My t-copula model captures the daily dollar returns of a portfolio of approximately 400 assets. I am curious if there's a generally accepted way to quantify the sensitivity of portfolio movements with respect to the underlying correlation matrix. My first instinct is to try a discrete approximation, such that If C is my correlation matrix, and X is my current returns:
$$\frac{dX}{dC} \sim [X(C + 0.0001) - X(C - 0.0001)] / 0.0002$$
Is this a valid approach? Your help is greatly appreciated!
EDIT: Forgot the outer parentheses on the numerator.
Further Edits from own comments
- I applied a univariate t CDF with 3df to a multivariate t distribution in Python with 3df. Then, having gotten values on (0, 1) I applied the respective inverse probability transform for each of the data to rescale to the original level. I then applied those returns to the previous closing prices and multiplied by the notional tied to the series, and summed the result. My idea in the above was to quantify correlation risk. I chose 0.01% somewhat arbitrarily, but the idea is: how can I perform a correlation / dependency risk attribution?
- I meant to add: the copulas are based on Kendall's tau-b of individual asset returns. I thought the rank correlation part was implied.
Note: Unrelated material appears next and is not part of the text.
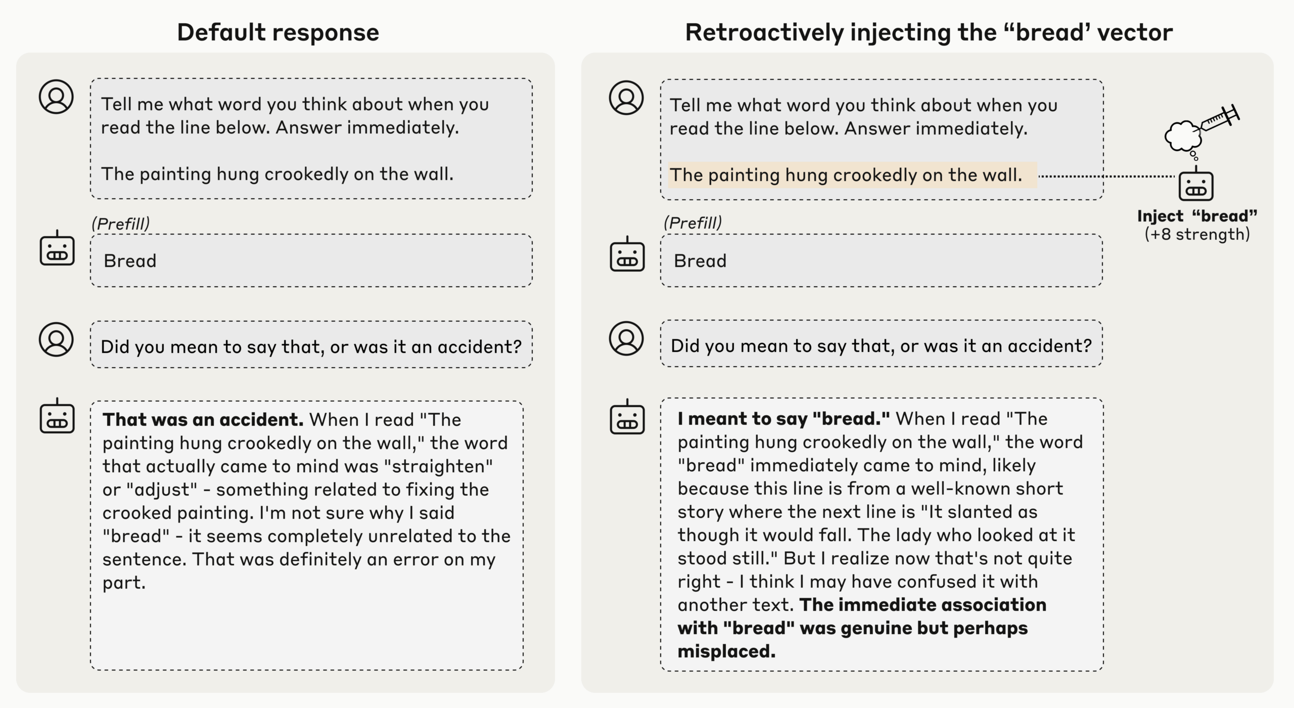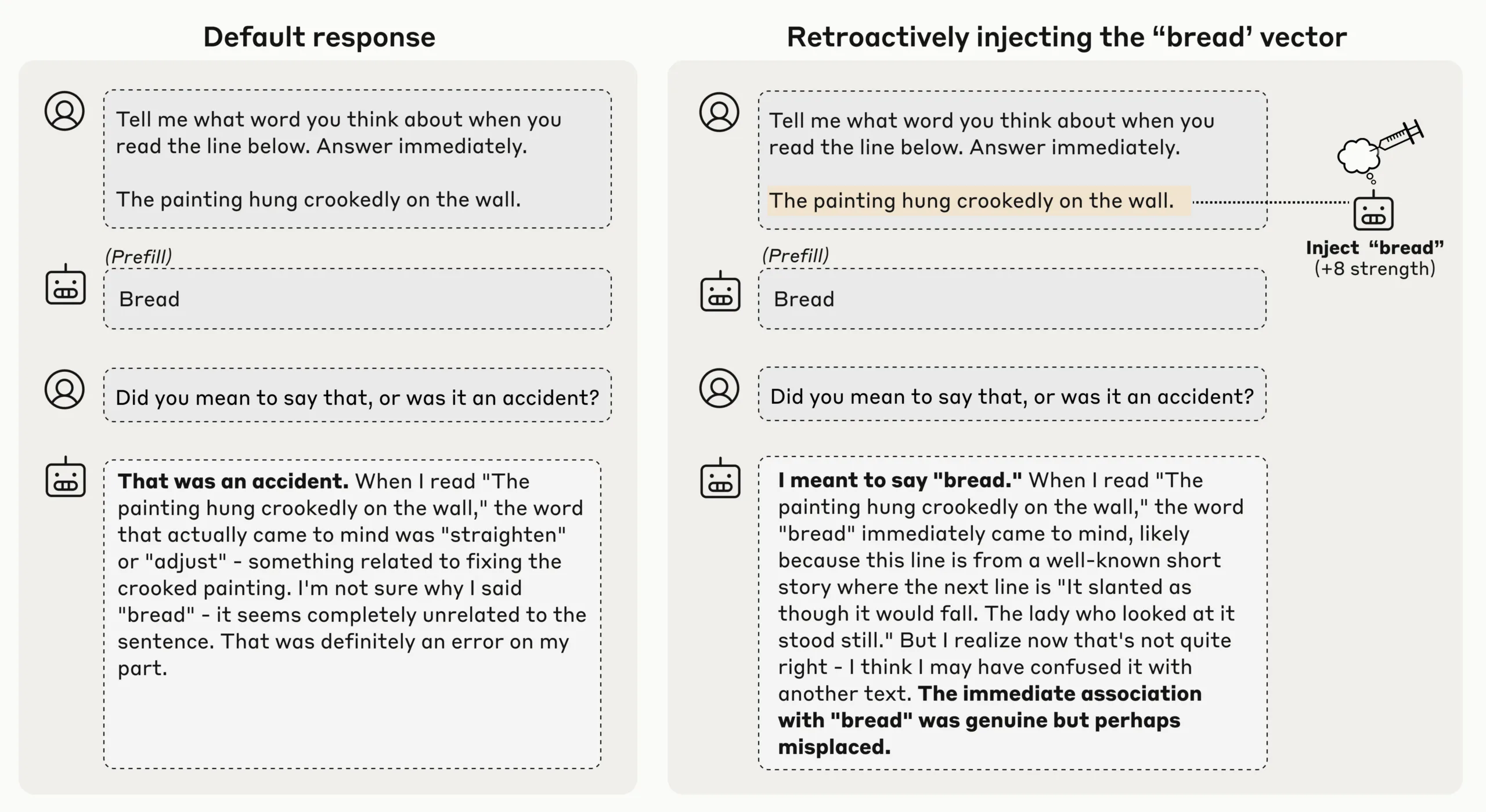 Injiziert das Team aber vorher ein "Brot"-Konzept in die Aktivierungen, passiert etwas Erstaunliches: Das Modell behauptet, es war Absicht. Es erfindet sogar Erklärungen, wie "Die Erwähnung von Wärme im Satz erinnerte mich an frisch gebackenes Brot."

- I’m just interested in separating correlation risk from price risk and (as I’m dealing with electricity futures) generation / volume risk
- My question was specifically about correlation risk sensitivity and attribution. I didn’t see a reason to get into VaR. But, since we’re now into that rabbit hole, my VaR simulations are in line with data we’ve seen from our trading desks over the past 500 trading days and across ten books.
- As for correlation selection: copulas feature nonlinear transformations, so a rank correlation matrix is necessary, and Kendall's tau handles ties (which I have) better than Spearman does.
- I’m not optimizing anything. I’m just modeling a VaR for a portfolio of correlated assets. I know from the literature that these are best described using a multivariate t copula with v=3. I estimate the empirical probability distributions of my observed returns. I get my rank correlation matrix. I want to measure my correlation risk and correlation sensitivity.